CPT "Internet Policy Review" issue

Internet Policy Review

The chairs of IAMCR's Communication Policy and Technology Section (CPT) would like to bring your attention to our recently released special issue - ‘Practicing rights and values in internet policy around the world,’ available open access in the Internet Policy Review journal.

The special issue includes five papers on internet policy and its impacts on citizens and consumers in Europe, Australia, the Americas, and Africa. All were presented in the Communication Policy & Technology (CPT) section at the International Association for Media and Communication Research conference, Eugene, Oregon, 2018.

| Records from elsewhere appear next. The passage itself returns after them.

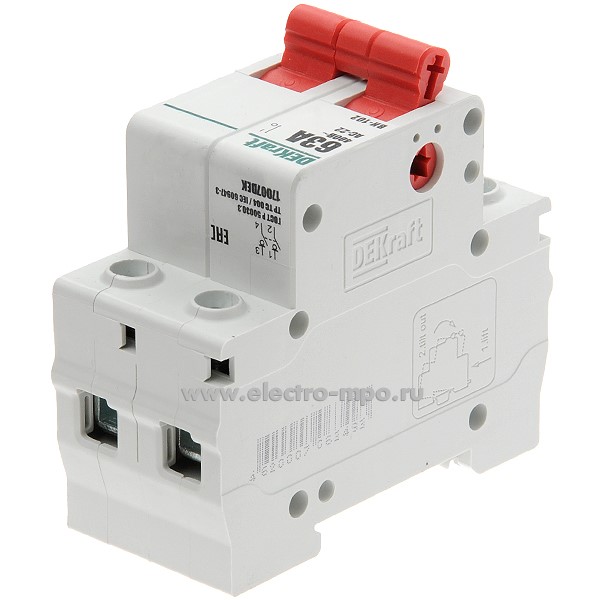 А4848. Выключатель-разъединитель ВН102-2Р-063А 17007DEK 63А 2 полюса на DIN-рейку (DEKraft)
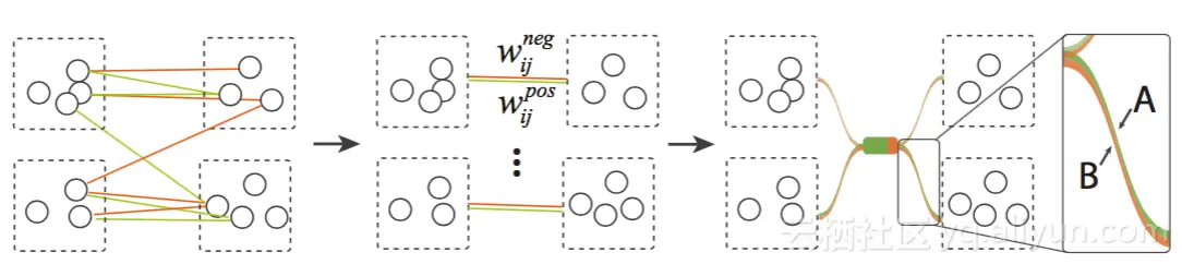 提出了基于双边聚类的边捆绑技术。此处的双边分别指两层之间输入的边和输出的边。如图9所示,双边聚类之后,对每个聚类结果分别进行边捆绑操作。图中,绿色表示边的权值为正,红色表示其权值为负。
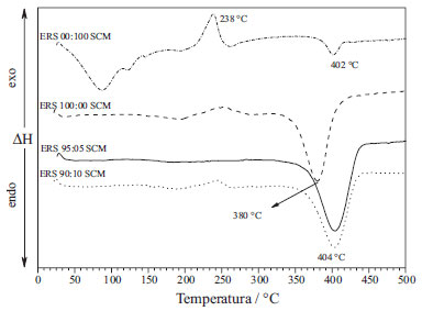 Análise diferencial de varredura (DSC) Análises de DSC das amostras de SC e SCM foram realizadas com objetivo de estudar as transições térmicas em atmosfera de nitrogênio (50 mL min-1) e razão de aquecimento de 10 ºC min-1 (Figura 8S - MS). Ambos os DSC apresentaram um pico endotérmico no intervalo de temperatura de 65 a 110 ºC. Estas transições estão associadas com perda de água (geralmente de 2 a 10% em peso) ligadas a grupos de natureza hidrofílica (p. ex., O-H, -COO-, -PO3-) presente nos polímeros. Também, não foi evidenciada temperatura de transição vítrea (Tg) em ambos os polímeros. Provavelmente, isto se deve à umidade que causa um intenso pico endotérmico entre 65 e 110 ºC. O principal pico dos termogramas de DSC das amostras de SC e SCM ocorrem em 238 ºC e caracteriza uma transição exotérmica. Nesta transição, geralmente estão envolvidas reações de despolimerização e decomposição pirolítica. Ainda no DSC do SCM observam-se transições endotérmicas nas temperaturas de 122, 146 e 402 ºC que estão provavelmente relacionadas com os retículos intermoleculares e intramoleculares gerados devido às modificações químicas do SC com TMFT. Cavalcanti et al.44 também encontraram valores semelhantes para o SC modificado com TMFT. Os picos endotérmicos referentes a decomposição térmica (Figura 4) foram observados em 380 ºC para os filmes de Eudragit® RS 30D (ERS 100:00 SCM), 402 ºC para o SCM (ERS 00:100 SCM) e em 404 ºC para as duas associações (ERS 95:05 SCM e ERS 90:10 SCM). Em síntese, as análises de DSC dos filmes caracterizam juntamente com resultados de TG e DTG que a estabilidade térmica dos filmes de Eudragit® RS 30D aumenta quando estão associados ao sulfato de condroitina modificado (SCM).
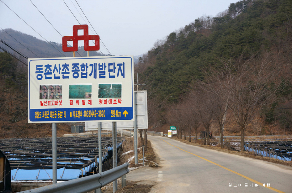 처녀고개를 넘어 1km 다면 오른쪽으로 동촌마을 입구가 나옵니다.
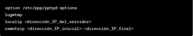Reemplaza <dirección_IP_del_servidor> con la dirección IP estática del servidor y <dirección_IP_inicial>-<dirección_IP_final> con un rango de direcciones IP que se asignarán a los clientes de la VPN.
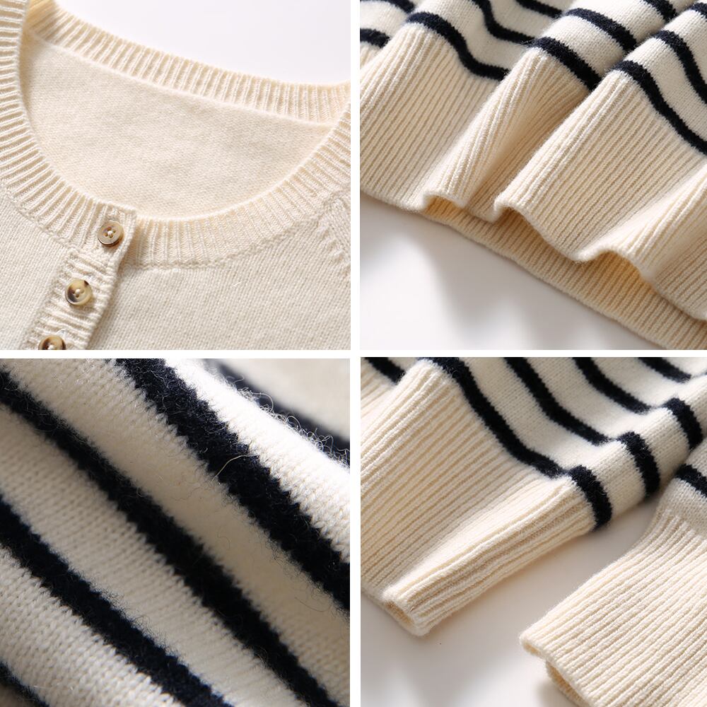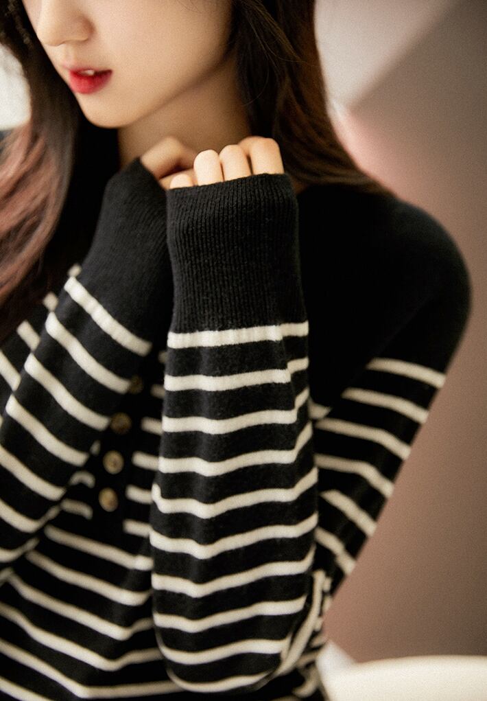 全2色 ハーフボタンニット トップス カーディガン 袖あり 長袖 ラウンドネック 襟なし 前開き 伸縮性 かわいい 大人可愛い シンプル カジュアル 大人 おしゃれ レトロ 大人女子 こなれ感 ラフ キュート 主役級 存在感 抜け感 ボーダー 春 秋 10代 20代 30代 レディース 学生 通学 デート お出かけ 公園デビュー 女子会 休日 着回し 普段使い 重ね着 韓国 オルチャン ファッション コーデ スタイル S M L XL ブラック ホワイト 韓国コーデ 韓国ファッション
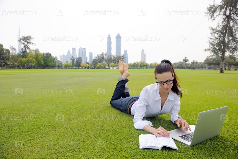 Женщина с ноутбуком в парке
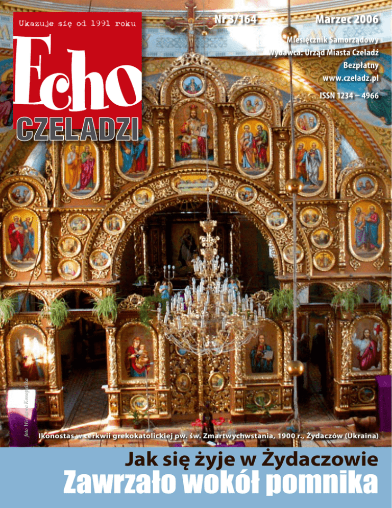 Nr 3/164 Marzec 2006 Miesięcznik Samorządowy Wydawca: Urząd Miasta Czeladź Bezpłatny www.czeladz.pl foto Wiesława Konopelska ISSN 1234 – 4966 Ikonostas w cerkwii grekokatolickiej pw. św. Zmartwychwstania, 1900 r., Żydaczów (Ukraina) Jak się żyje w Żydaczowie Zawrzało wokół pomnika Drodzy Mieszkańcy! Chociaż jeszcze śnieg za oknem i otacza nas zimowa aura, to już za niedługo obchodzić będziemy Święta Wielkanocne. Proszę więc przyjąć najserdeczniejsze życzenia radości, nadziei i optymizmu nadchodzących wraz z nastaniem wiosny. Burmistrz Czeladzi MAREK MROZOWSKI 4 marca 2006 r. reprezentujący gminę Czeladź burmistrz Marek Mrozowski odebrał certyfikat PRZEJRZYSTA POLSKA. Tym samym nasze miasto znalazło się w gronie 403 nagrodzonych samorządów. Województwu śląskiemu przypadło 39 certyfikatów. Otrzymały je m.in. miasta Bytom, Częstochowa, Dąbrowa Górnicza, Sosnowiec, Mysłowice, Gliwice, Ruda Śląska, Rybnik, Zawiercie. Uroczyste wręczenie certyfikatów odbyło się w siedzibie „Gazety Wyborczej” w Warszawie. Zorganizowana została również debata na temat samorządu w Polsce z udziałem Ludwika Dorna – Ministra Spraw Wewnętrznych i Administracji oraz Jana Rokity – Wiceprzewodniczącego Klubu Platformy Obywatelskiej. W liście skierowanym do laureatów Jerzy Regulski – prezes Fundacji Rozwoju Demokracji Lokalnej napisał: „Musimy się wszyscy uczyć demokracji. I program „przejrzysta Polska” właśnie taką szkołę stanowił. Nie był to program łatwy. Wdrożenie ustalo- nych zadań wymagało trudu. Ale Wy je zrealizowaliście. Zbudowaliście mosty łączące Was i Waszych mieszkańców, którzy teraz znacznie lepiej Was rozumieją. Wzmocniliście istotę samorządności i zrobiliście istotny krok na drodze budowy demokracji.” Aby otrzymać certyfikat należało zrealizować następujące zadania: I. Zasadę przejrzystości II. Zasadę braku tolerancji dla korupcji III. Zasadę partycypacji społecznej IV. Zasadę przewidywalności V. Zasadę fachowości VI. Zasadę rozliczalności. Organizatorami akcji prócz „Gazety Wyborczej” byli: Fundacja Agora, PolskoAmerykańska Fundacja Wolności, Fundacja im. Batorego, Fundacja Rozwoju Demokracji Lokalnej i Centrum Edukacji Obywatelskiej. Dodać trzeba, że Czeladź w ostatnich dwóch latach wdrożyła system Zarządzania Jakością ISO 9001 oraz otrzymała puchar Związku Powiatów Polskich za zwycięstwo w rywalizacji o najlepszą e-gminę. (wk) Mamy certyfikat PRZEJRZYSTA POLSKA! W mieście W pier wszą rocznicę śmierci Czesława Słani Targi Pracy Ponad 4 tysiące ofert dla poszukujących pracy sprawdziły się! W dniach 25 i 26 lutego br. odbyło się w czeladzkim Centrum Handlowym M1 II Ogólnopolskie Targi Pracy w Kraju i Zagranicą. Przedsięwzięcie odbyło się przy udziale Urzędu Miasta w Czeladzi. Odbyły się w tym miejscu, aby przybliżyć je jak najszerszemu gronu odbiorców, aby pokazać, że targi to przede wszystkim jednoczesna prezentacja oferty wielu firm i spotkania z ekspertami. Odwiedzającym przedstawiono ponad 4000 atrakcyjnych ofert pracy w kraju i poza granicami. Propozycje były zróżnicowane – od przedstawicieli handlowych, pracowników administracyjno-biurowych, konsultantów telefonicznych, pracowników obsługi klienta, doradców klienta, hostess, promotorów, merchandiserów, kasjerów, sprzedawców, po operatorów transportu wewnętrznego i maszyn przemysłowych. Oferty pracy za granicą skierowano m.in. do operatorów sprzętu ciężkiego, kierowców, pracowników budowlanych, stolarzy, masarzy, spawaczy, elektryków, pracowników ochrony, monterów rusztowań, pakowaczy, malarzy, ślusarzy, operatorów wózków widłowych, opiekunów osób starszych i niepełnosprawnych, farmaceutów, pielęgniarek, dentystów, informatyków, grafików komputerowych, kelnerów i sprzedawców. Wiele osób zainteresowanych pracą mogło znaleźć wśród ofert pracę dla siebie. Głównym założeniem organizowanej imprezy była prezentacja nowych możliwości zatrudnienia oraz bezpiecznego podjęcia pracy za granicą. Targi okazały się unikalną okazją nawiązania kontaktu z pracodawcami oraz uzyskania fachowej porady od zaproszonych ekspertów. Projekt Polskich Targów cieszył się ogromnym zainteresowaniem. Potwierdzały to spore kolejki osób ustawione przed boksami firm oferujących pracę. W przyszłości warto będzie powtarzać imprezy tego typu, gdyż widać duże zainteresowanie nimi wykazywane przez osoby pozostające bez pracy. WOJCIECH MAĆKOWSKI Czeladzkie Rody zapraszają K lub Rodów Czeladzkich serdecznie zaprasza na V edycję wieczorów pt. „Czeladź w kalejdoskopie historii”, która odbędzie się 31 marca 2006 r. (piątek) o godz. 17.00 w SDK „Odeon” (ul. Szpitalna 9). W programie m.in. scenki obyczajowe przedstawiane przez młodzież Miejskiego Zespołu Szkół, wystąpienie burmistrza Marka Mrozowskiego „Czeladź w XXI wieku – najbliższe plany” oraz wystawy: historia miasta w dokumentach, Czeladź w fotografii Jerzego Żymirskiego, drzewa genealogiczne rodzin Liszczyków, Zdeblów, Machniewskich, Pęciaków, Rębalskich, Dusiów i Szydłów przygotowane przez Ryszarda Liszczyka. Wykład o historii i rozwoju miasta wygłosi Danuta Walczak, prezes Klubu, autorka scenariusza i prowadząca wieczor. Patronat honorowy nad V edycją wieczoru Klubów Rodów Czeladzkich objął senator RP Zbigniew Szaleniec. RADA KLUBU RODÓW CZELADZKICH Pamiętając o wybitnym czeladzianinie 24 marca br. o godz. 11.00 przy ulicy Krzywej 2 (Piaski) zostanie odsłonięta tablica poświęcona Czesławowi Słani (1921-2005), wybitnemu rytownikowi znaczków pocztowych, uhonorowanemu tytułem „Nadwornego grawera króla Szwecji” i godnością Honorowego Obywatela Miasta Czeladź, który tu mieszkał w latach 1921-1927. Fundatorem tablicy jest Miasto Czeladź, a powstała według projektu artysty plastyka Jana Powałki. Uroczystość ta zb
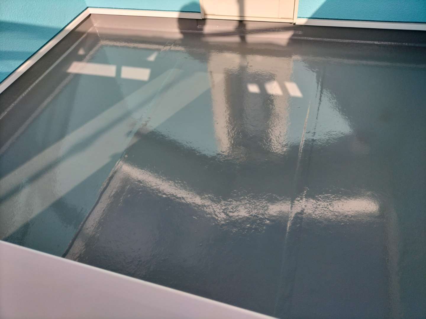 バルコニー防水は、2液型防水トップコート塗装。
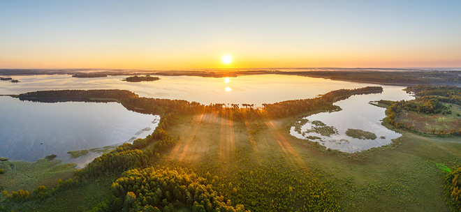 Нарочанский национальный парк в Минской области Беларуси – это целое царство озёр. Около 40 безмятежных, прозрачных окошек можно увидеть с высоты птичьего полёта. Особняком выделяется озеро Нарочь, прозванное Белорусским морем. Это огромное естественное водохранилище входит в шорт-лист популярных курортов для россиян.
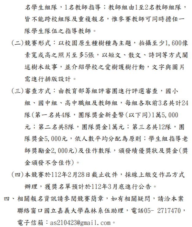 如有相關疑問,請洽本案聯絡窗口國立嘉義大學森林系伍 助理,電話05-2717470,電子信箱:as210423@gmail. com
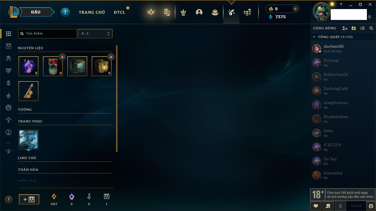 Rank Đơn: Chưa RankKhung: Chưa có khungTướng: 1 - Còn 6000 THXTrang Phục: 0Rank ĐTCL: Chưa RankLinh Thú: 9
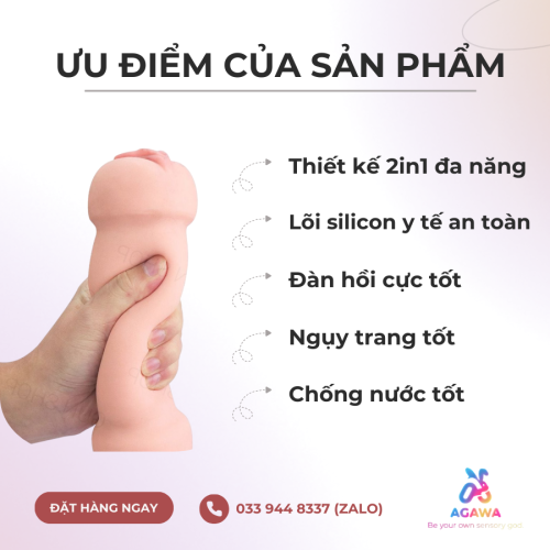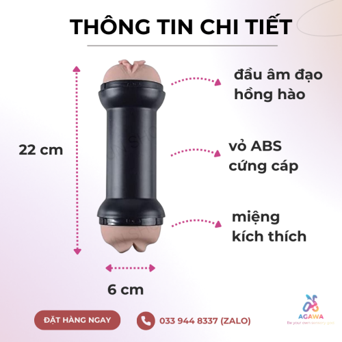 - Thiết kế 2in1 đa năng, một đầu âm đạo hồng hào khiêu gợi, một đầu miệng đàn hồi có thể ôm sát lấy dương vật khi thủ dâm.
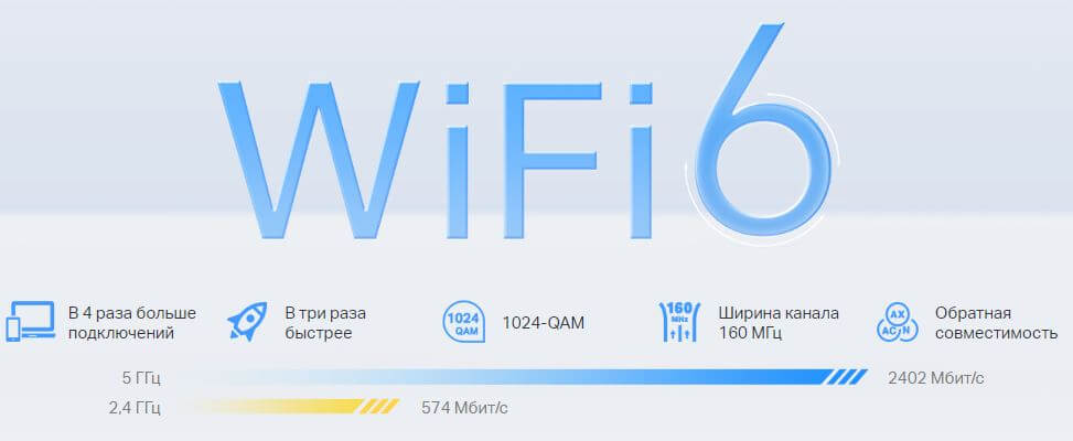 Wi-Fi 6 обеспечивает прирост по всем показателям: площадь покрытия, скорость и количество одновременно подключённых устройств.
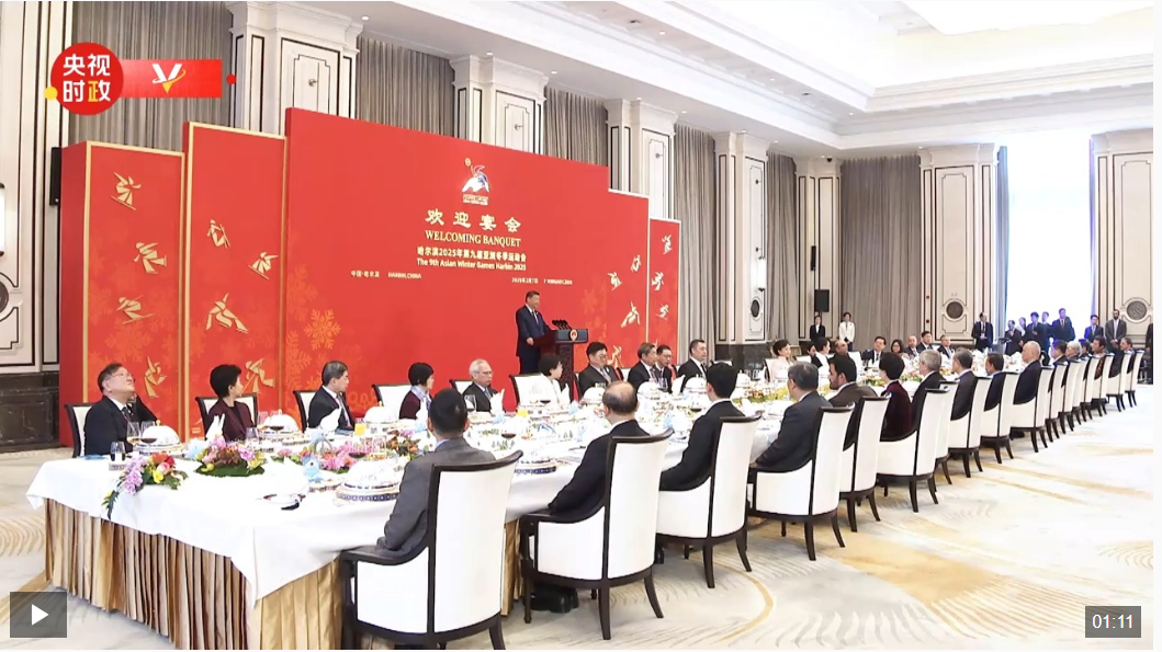 2月7日中午,國(guó)家主席習(xí)近平和夫人彭麗媛在黑龍江省哈爾濱市太陽(yáng)島賓館舉行宴會(huì),歡迎來(lái)華出席哈爾濱第九屆亞洲冬季運(yùn)動(dòng)會(huì)開幕式的國(guó)際貴賓。
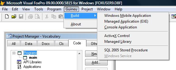 GuineuIDE adds a new menu item Guineu that basically consists of a Build menu. The options in the Build menu are only enabled, when you have a Project Manager window open.
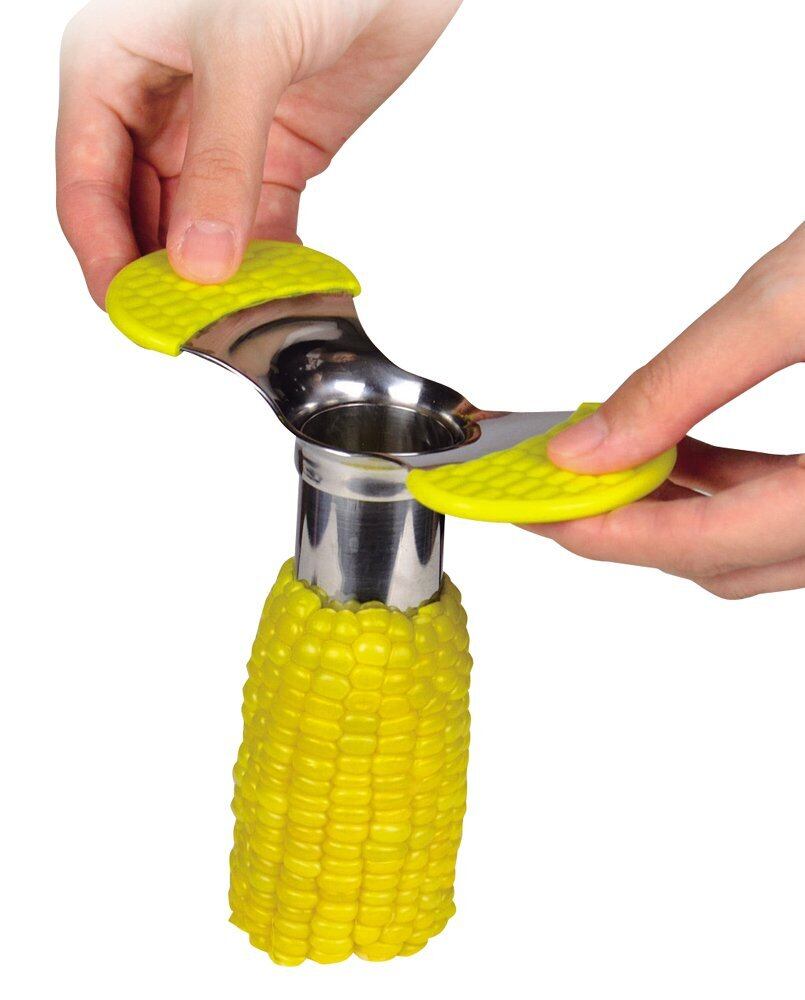 とうもろこしにコーンカッターを当て、下に押し下げると簡単に実をそぎ落とせる

The CPT chairing team also authored an editorial ‘Communication and internet policy: a critical rights-based history and future’ to situate the history and current contributions of CPT and IAMCR more generally in relationship to the field of Internet Policy research. CPT has been a platform for researching telecommunications policy and infrastructure since 1974 and in 1990 “policy” was explicitly added to the section name.

We argue in this editorial that IAMCR scholars have played an important role in developing a critical rights-based approach to communication policy and later internet policy. You can read it at https://policyreview.info/articles/analysis/communication-and-internet-…;

This special issue aims to specifically cross some of the international and disciplinary boundaries facing internet policy researchers, and contribute to the development of internet policies that operate in the public interest, but also are built upon the legacy of activism and research that developed in relation to older communication systems.

The Internet Policy Review is an open access online journal, founded in 2013, which contributes empirical research, analysis and current affairs coverage to contemporary debate about media, information technology, telecommunications and internet governance. The Internet Policy Review is a publication of the Alexander von Humboldt Institute for Internet and Society, based in Berlin, Germany, in partnership with several research units and institutes across Europe.

We would like to acknowledge the generous support of the IAMCR Section and Working Groups Fund for this special issue. We would also like to acknowledge the work of our IAMCR colleagues who generously took part in the open peer review process.